• Brief:
Pictures do not belong in your copy. Repeat all the other data exactly.

• Data below:
/---
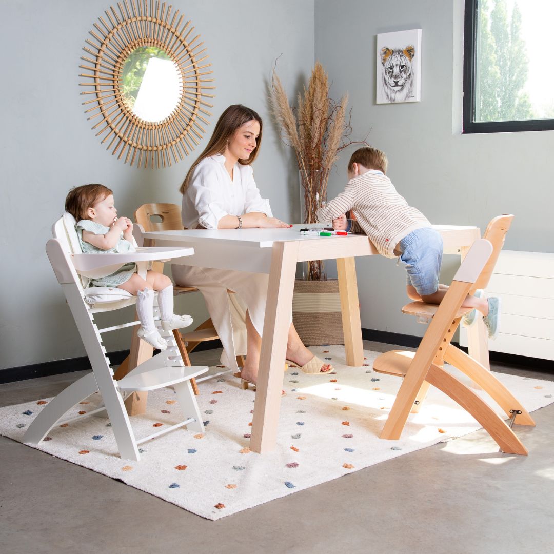 The ultra-designed Evosit high chair can be used from birth through to adulthood (85 kg maximum). Evosit is standard equipped with bumper, tray and harness. It can be adjusted in just one click! No need for a screwdriver and no visible screws! So families can enjoy it for generations!
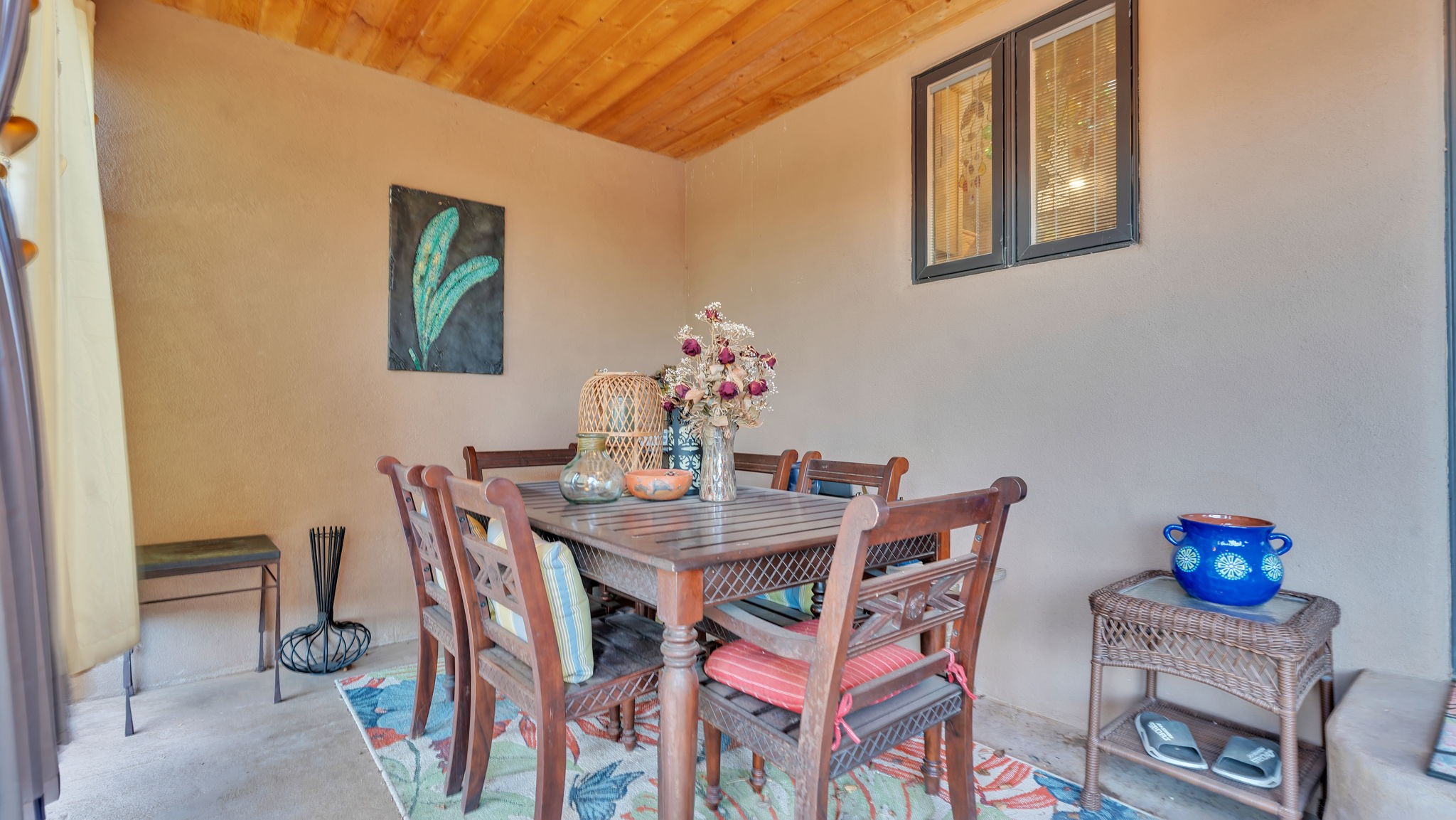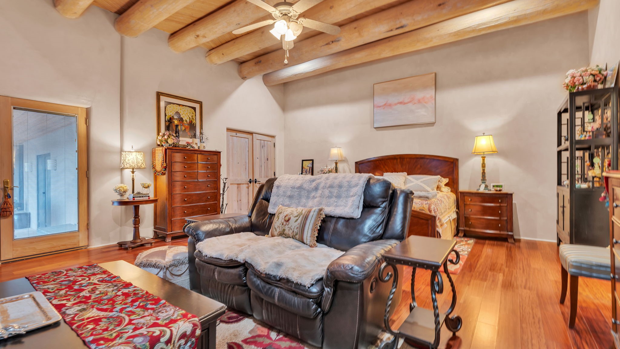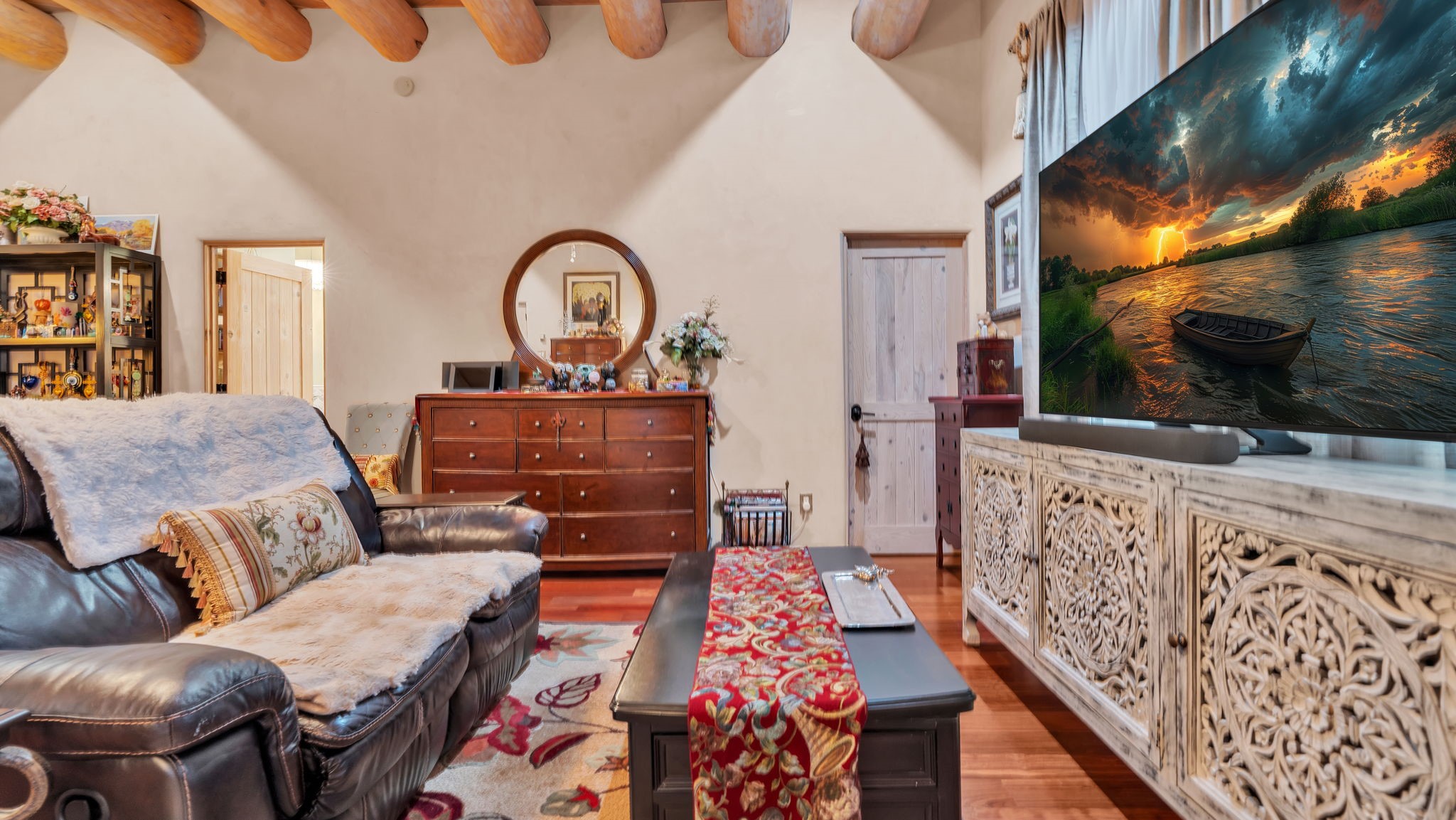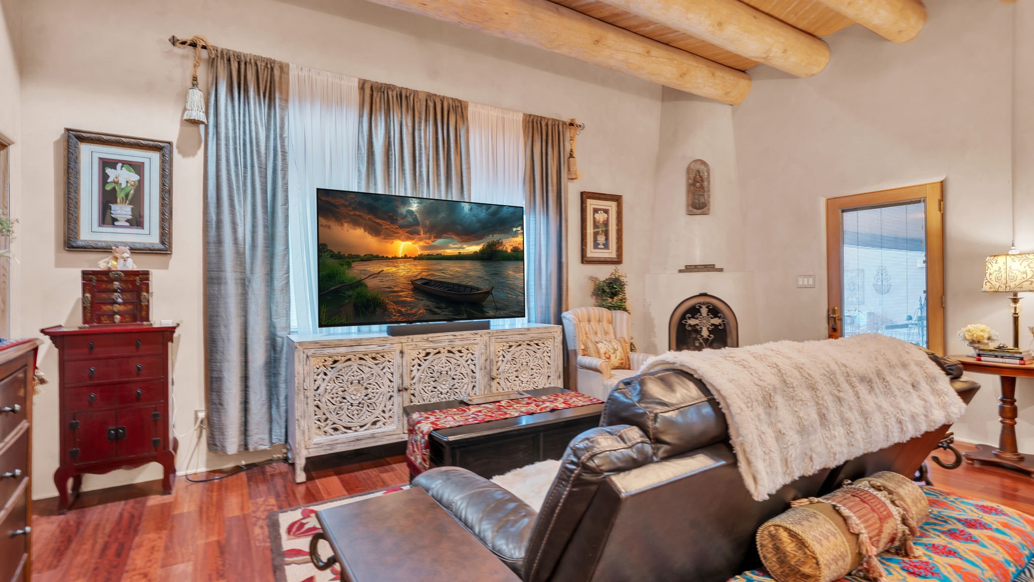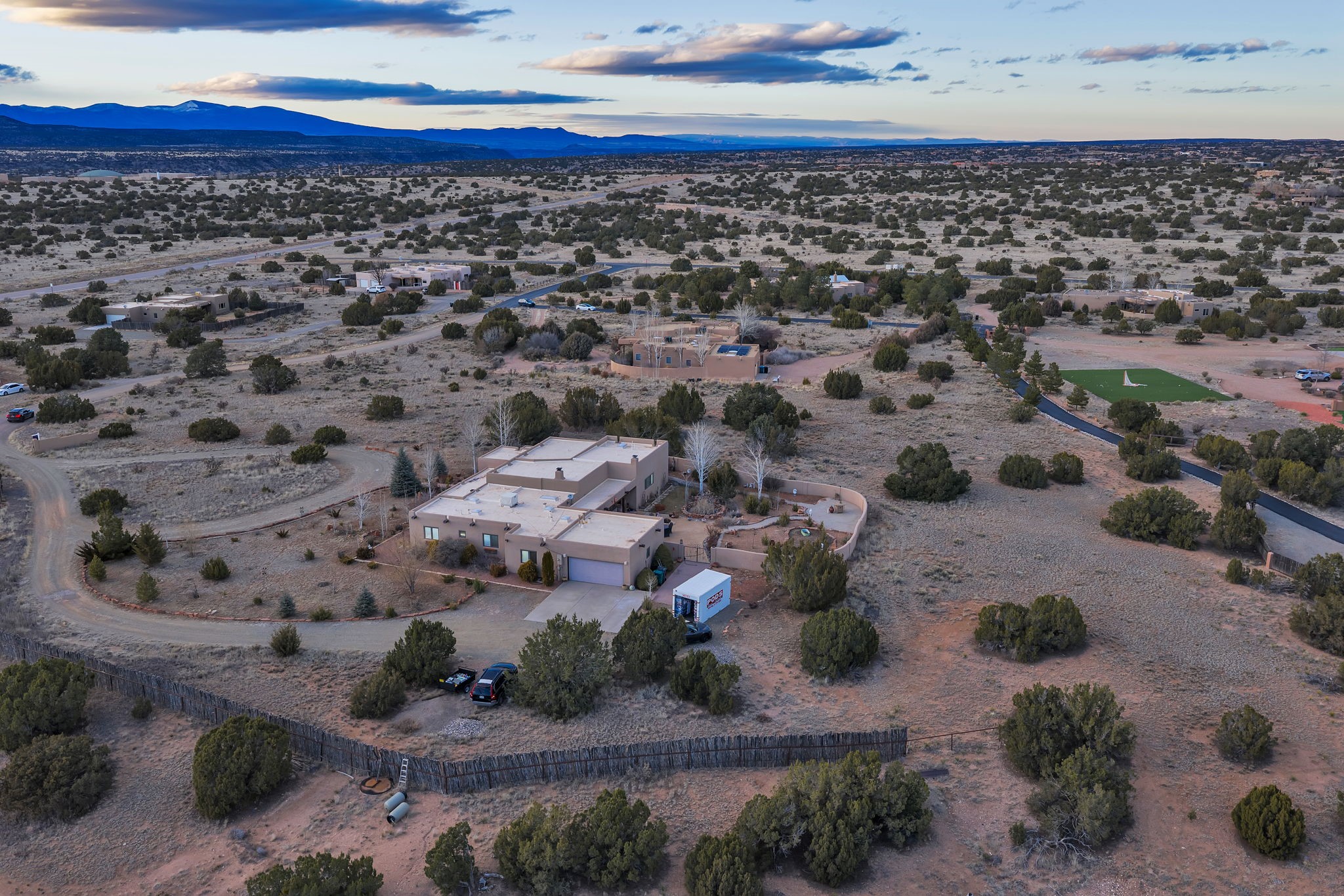 Experience the magic of Santa Fe in this stunning 3,000+ sq. ft. custom-built home featuring 4 bedrooms and 2.5 baths on 2.5 private acres -- with space and potential to add a casita.Designed with timeless Southwestern character, this home showcases diamond plaster walls, exposed viga cedar wood ceilings, beautiful skylights, rich African hardwood flooring, and two wood-burning kiva fireplaces. The open-concept floor plan flows effortlessly into a beautifully upgraded kitchen with granite countertops, custom cabinetry, and newer appliances -- perfect for entertaining.Enjoy radiant floor heating throughout the home and insulated garage. Beautiful Pella windows that frame incredible mountain, sunset, and city views, filling the home with natural light.Outdoor living shines with covered front and back portals, a walled and landscaped backyard, and a serene custom pond with waterfall -- creating a private retreat ideal for relaxing or hosting guests. The spacious primary suite opens directly to a portal and features a large walk-in closet and spa-like feel.Additional highlights include a 2023 TPO roof with transferable warranty and proximity to Marty Sanchez Golf Course.Privacy, charm, breathtaking views, and true Santa Fe style -- this is the luxury retreat buyers have been waiting for.
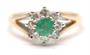 Zlatý prsten s diamanty a smaragdem. Žluté zlato 375/1000. Přírodní smaragd 0,3 ct. Přírodní diamanty, kvalita SI1 - SI2, barva H - I, celková váha 0,35 ct. Váha prstenu: 3 g. Velikost prstenu: 55.
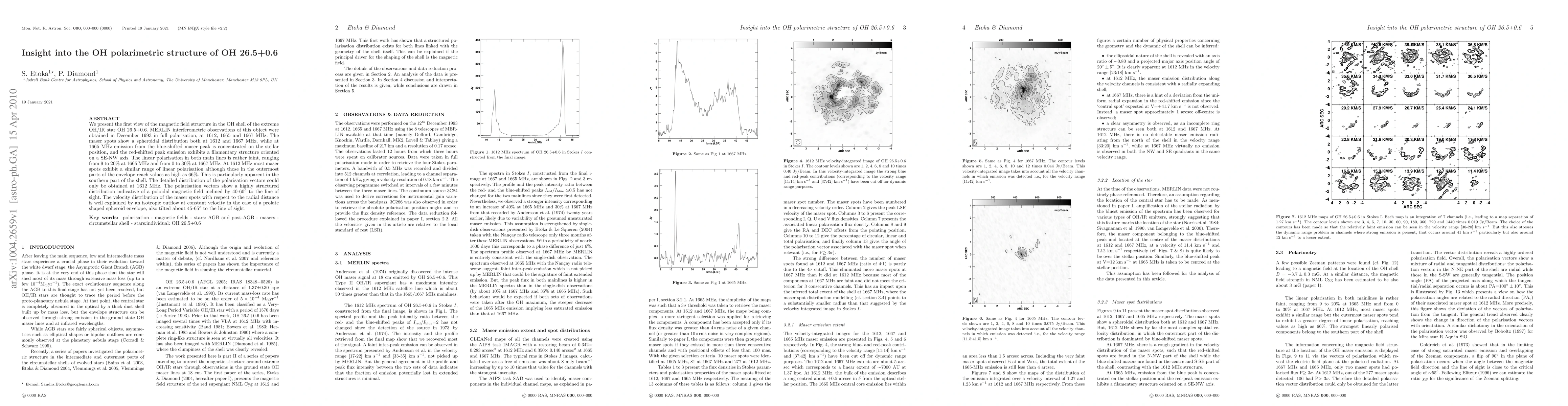 We present the first view of the magnetic field structure in the OH shell of the extreme OH/IR star OH 26.5+0.6. MERLIN interferometric observations of this object were obtained in December 1993 in full polarisation, at 1612, 1665 and 1667 MHz. The maser spots show a spheroidal distribution both at 1612 and 1667 MHz, while at 1665 MHz emission from the blue-shifted maser peak is concentrated on the stellar position, and the red-shifted peak emission exhibits a filamentary structure oriented on a SE-NW axis. The linear polarisation in both main lines is rather faint, ranging from 9 to 20% at 1665 MHz and from 0 to 30% at 1667 MHz. At 1612 MHz most maser spots exhibit a similar range of linear polarisation although those in the outermost parts of the envelope reach values as high as 66%. This is particularly apparent in the southern part of the shell. The detailed distribution of the polarisation vectors could only be obtained at 1612 MHz. The polarisation vectors show a highly structured distribution indicative of a poloidal magnetic field inclined by 40-60$^\circ$ to the line of sight. The velocity distribution of the maser spots with respect to the radial distance is well explained by an isotropic outflow at constant velocity in the case of a prolate shaped spheroid envelope, also tilted about 45-65$^\circ$ to the line of sight.
\---
• Exercise output:
 The ultra-designed Evosit high chair can be used from birth through to adulthood (85 kg maximum). Evosit is standard equipped with bumper, tray and harness. It can be adjusted in just one click! No need for a screwdriver and no visible screws! So families can enjoy it for generations!
 Experience the magic of Santa Fe in this stunning 3,000+ sq. ft. custom-built home featuring 4 bedrooms and 2.5 baths on 2.5 private acres -- with space and potential to add a casita.Designed with timeless Southwestern character, this home showcases diamond plaster walls, exposed viga cedar wood ceilings, beautiful skylights, rich African hardwood flooring, and two wood-burning kiva fireplaces. The open-concept floor plan flows effortlessly into a beautifully upgraded kitchen with granite countertops, custom cabinetry, and newer appliances -- perfect for entertaining.Enjoy radiant floor heating throughout the home and insulated garage. Beautiful Pella windows that frame incredible mountain, sunset, and city views, filling the home with natural light.Outdoor living shines with covered front and back portals, a walled and landscaped backyard, and a serene custom pond with waterfall -- creating a private retreat ideal for relaxing or hosting guests. The spacious primary suite opens directly to a portal and features a large walk-in closet and spa-like feel.Additional highlights include a 2023 TPO roof with transferable warranty and proximity to Marty Sanchez Golf Course.Privacy, charm, breathtaking views, and true Santa Fe style -- this is the luxury retreat buyers have been waiting for.
 Zlatý prsten s diamanty a smaragdem. Žluté zlato 375/1000. Přírodní smaragd 0,3 ct. Přírodní diamanty, kvalita SI1 - SI2, barva H - I, celková váha 0,35 ct. Váha prstenu: 3 g. Velikost prstenu: 55.
 We present the first view of the magnetic field structure in the OH shell of the extreme OH/IR star OH 26.5+0.6. MERLIN interferometric observations of this object were obtained in December 1993 in full polarisation, at 1612, 1665 and 1667 MHz. The maser spots show a spheroidal distribution both at 1612 and 1667 MHz, while at 1665 MHz emission from the blue-shifted maser peak is concentrated on the stellar position, and the red-shifted peak emission exhibits a filamentary structure oriented on a SE-NW axis. The linear polarisation in both main lines is rather faint, ranging from 9 to 20% at 1665 MHz and from 0 to 30% at 1667 MHz. At 1612 MHz most maser spots exhibit a similar range of linear polarisation although those in the outermost parts of the envelope reach values as high as 66%. This is particularly apparent in the southern part of the shell. The detailed distribution of the polarisation vectors could only be obtained at 1612 MHz. The polarisation vectors show a highly structured distribution indicative of a poloidal magnetic field inclined by 40-60$^\circ$ to the line of sight. The velocity distribution of the maser spots with respect to the radial distance is well explained by an isotropic outflow at constant velocity in the case of a prolate shaped spheroid envelope, also tilted about 45-65$^\circ$ to the line of sight.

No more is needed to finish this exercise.